Supplied material:

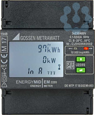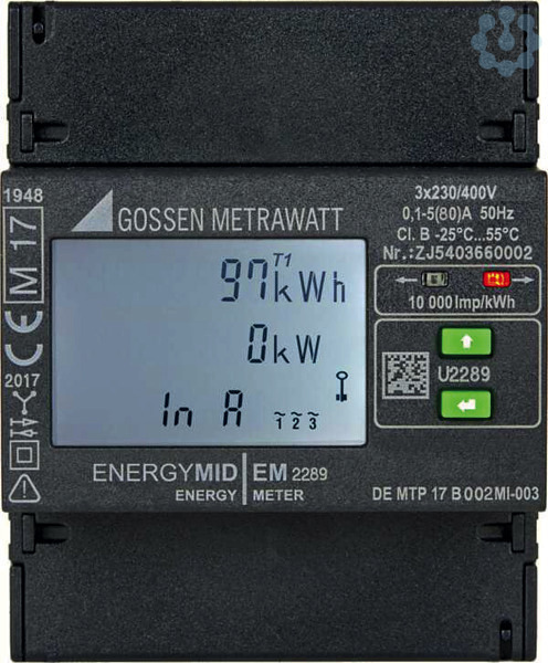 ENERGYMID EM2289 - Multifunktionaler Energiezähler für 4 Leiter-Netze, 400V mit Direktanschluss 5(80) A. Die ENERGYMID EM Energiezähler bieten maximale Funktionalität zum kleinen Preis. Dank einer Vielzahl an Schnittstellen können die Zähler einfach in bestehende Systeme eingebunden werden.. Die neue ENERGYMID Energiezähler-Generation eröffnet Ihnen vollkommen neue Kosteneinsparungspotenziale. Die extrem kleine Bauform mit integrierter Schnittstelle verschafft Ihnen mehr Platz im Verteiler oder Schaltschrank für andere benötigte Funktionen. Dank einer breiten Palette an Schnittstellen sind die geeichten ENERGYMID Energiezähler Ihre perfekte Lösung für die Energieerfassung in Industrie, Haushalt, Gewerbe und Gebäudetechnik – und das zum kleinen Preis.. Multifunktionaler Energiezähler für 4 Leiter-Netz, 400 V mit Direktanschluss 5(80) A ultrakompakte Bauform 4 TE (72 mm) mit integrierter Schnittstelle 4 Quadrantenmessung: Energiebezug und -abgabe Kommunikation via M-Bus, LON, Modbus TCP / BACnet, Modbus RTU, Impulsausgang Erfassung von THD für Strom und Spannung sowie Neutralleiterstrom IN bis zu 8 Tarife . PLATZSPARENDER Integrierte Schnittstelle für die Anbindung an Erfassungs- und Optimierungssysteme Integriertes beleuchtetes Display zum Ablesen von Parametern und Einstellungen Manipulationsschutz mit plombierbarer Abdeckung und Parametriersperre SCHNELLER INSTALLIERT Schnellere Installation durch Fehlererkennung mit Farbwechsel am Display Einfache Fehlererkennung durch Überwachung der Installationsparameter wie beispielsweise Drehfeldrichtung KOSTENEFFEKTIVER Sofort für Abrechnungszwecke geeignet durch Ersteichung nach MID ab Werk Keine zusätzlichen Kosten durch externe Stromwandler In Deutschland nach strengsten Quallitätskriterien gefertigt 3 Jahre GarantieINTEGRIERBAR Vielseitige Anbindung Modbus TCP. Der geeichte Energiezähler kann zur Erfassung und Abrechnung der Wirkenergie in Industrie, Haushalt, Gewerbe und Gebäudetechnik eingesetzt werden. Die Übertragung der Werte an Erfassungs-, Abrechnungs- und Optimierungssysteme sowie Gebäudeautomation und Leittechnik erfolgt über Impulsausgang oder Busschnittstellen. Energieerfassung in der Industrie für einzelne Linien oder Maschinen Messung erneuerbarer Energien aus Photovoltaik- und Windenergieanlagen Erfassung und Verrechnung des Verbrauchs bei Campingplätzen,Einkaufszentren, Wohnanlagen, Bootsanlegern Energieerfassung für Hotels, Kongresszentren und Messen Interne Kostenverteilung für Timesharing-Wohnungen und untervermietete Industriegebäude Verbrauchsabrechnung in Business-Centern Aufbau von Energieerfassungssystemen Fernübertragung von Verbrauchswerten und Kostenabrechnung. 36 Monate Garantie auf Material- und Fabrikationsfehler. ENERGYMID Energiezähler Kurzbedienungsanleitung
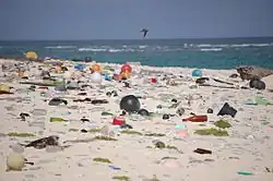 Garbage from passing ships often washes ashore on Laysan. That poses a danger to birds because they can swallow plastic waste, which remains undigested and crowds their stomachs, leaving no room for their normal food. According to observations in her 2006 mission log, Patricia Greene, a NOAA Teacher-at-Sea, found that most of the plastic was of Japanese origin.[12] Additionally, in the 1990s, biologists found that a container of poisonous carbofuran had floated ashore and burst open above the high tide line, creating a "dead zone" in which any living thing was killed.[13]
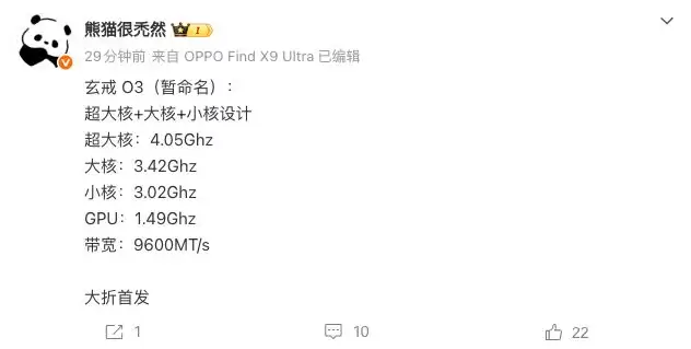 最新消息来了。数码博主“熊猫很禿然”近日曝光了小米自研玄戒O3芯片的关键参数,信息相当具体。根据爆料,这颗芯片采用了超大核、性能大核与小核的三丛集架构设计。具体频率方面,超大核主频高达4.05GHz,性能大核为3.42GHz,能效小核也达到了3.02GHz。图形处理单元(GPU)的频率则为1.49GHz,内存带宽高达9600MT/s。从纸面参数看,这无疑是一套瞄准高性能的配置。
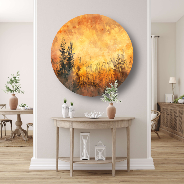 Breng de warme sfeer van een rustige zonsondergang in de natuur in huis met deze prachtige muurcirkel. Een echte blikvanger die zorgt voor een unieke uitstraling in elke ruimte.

Exercise prompt: Each line above is to be copied exactly, and the pictures are to be dropped.

Reply to the exercise:
 ENERGYMID EM2289 - Multifunktionaler Energiezähler für 4 Leiter-Netze, 400V mit Direktanschluss 5(80) A. Die ENERGYMID EM Energiezähler bieten maximale Funktionalität zum kleinen Preis. Dank einer Vielzahl an Schnittstellen können die Zähler einfach in bestehende Systeme eingebunden werden.. Die neue ENERGYMID Energiezähler-Generation eröffnet Ihnen vollkommen neue Kosteneinsparungspotenziale. Die extrem kleine Bauform mit integrierter Schnittstelle verschafft Ihnen mehr Platz im Verteiler oder Schaltschrank für andere benötigte Funktionen. Dank einer breiten Palette an Schnittstellen sind die geeichten ENERGYMID Energiezähler Ihre perfekte Lösung für die Energieerfassung in Industrie, Haushalt, Gewerbe und Gebäudetechnik – und das zum kleinen Preis.. Multifunktionaler Energiezähler für 4 Leiter-Netz, 400 V mit Direktanschluss 5(80) A ultrakompakte Bauform 4 TE (72 mm) mit integrierter Schnittstelle 4 Quadrantenmessung: Energiebezug und -abgabe Kommunikation via M-Bus, LON, Modbus TCP / BACnet, Modbus RTU, Impulsausgang Erfassung von THD für Strom und Spannung sowie Neutralleiterstrom IN bis zu 8 Tarife . PLATZSPARENDER Integrierte Schnittstelle für die Anbindung an Erfassungs- und Optimierungssysteme Integriertes beleuchtetes Display zum Ablesen von Parametern und Einstellungen Manipulationsschutz mit plombierbarer Abdeckung und Parametriersperre SCHNELLER INSTALLIERT Schnellere Installation durch Fehlererkennung mit Farbwechsel am Display Einfache Fehlererkennung durch Überwachung der Installationsparameter wie beispielsweise Drehfeldrichtung KOSTENEFFEKTIVER Sofort für Abrechnungszwecke geeignet durch Ersteichung nach MID ab Werk Keine zusätzlichen Kosten durch externe Stromwandler In Deutschland nach strengsten Quallitätskriterien gefertigt 3 Jahre GarantieINTEGRIERBAR Vielseitige Anbindung Modbus TCP. Der geeichte Energiezähler kann zur Erfassung und Abrechnung der Wirkenergie in Industrie, Haushalt, Gewerbe und Gebäudetechnik eingesetzt werden. Die Übertragung der Werte an Erfassungs-, Abrechnungs- und Optimierungssysteme sowie Gebäudeautomation und Leittechnik erfolgt über Impulsausgang oder Busschnittstellen. Energieerfassung in der Industrie für einzelne Linien oder Maschinen Messung erneuerbarer Energien aus Photovoltaik- und Windenergieanlagen Erfassung und Verrechnung des Verbrauchs bei Campingplätzen,Einkaufszentren, Wohnanlagen, Bootsanlegern Energieerfassung für Hotels, Kongresszentren und Messen Interne Kostenverteilung für Timesharing-Wohnungen und untervermietete Industriegebäude Verbrauchsabrechnung in Business-Centern Aufbau von Energieerfassungssystemen Fernübertragung von Verbrauchswerten und Kostenabrechnung. 36 Monate Garantie auf Material- und Fabrikationsfehler. ENERGYMID Energiezähler Kurzbedienungsanleitung
 Garbage from passing ships often washes ashore on Laysan. That poses a danger to birds because they can swallow plastic waste, which remains undigested and crowds their stomachs, leaving no room for their normal food. According to observations in her 2006 mission log, Patricia Greene, a NOAA Teacher-at-Sea, found that most of the plastic was of Japanese origin.[12] Additionally, in the 1990s, biologists found that a container of poisonous carbofuran had floated ashore and burst open above the high tide line, creating a "dead zone" in which any living thing was killed.[13]
 最新消息来了。数码博主“熊猫很禿然”近日曝光了小米自研玄戒O3芯片的关键参数,信息相当具体。根据爆料,这颗芯片采用了超大核、性能大核与小核的三丛集架构设计。具体频率方面,超大核主频高达4.05GHz,性能大核为3.42GHz,能效小核也达到了3.02GHz。图形处理单元(GPU)的频率则为1.49GHz,内存带宽高达9600MT/s。从纸面参数看,这无疑是一套瞄准高性能的配置。
 Breng de warme sfeer van een rustige zonsondergang in de natuur in huis met deze prachtige muurcirkel. Een echte blikvanger die zorgt voor een unieke uitstraling in elke ruimte.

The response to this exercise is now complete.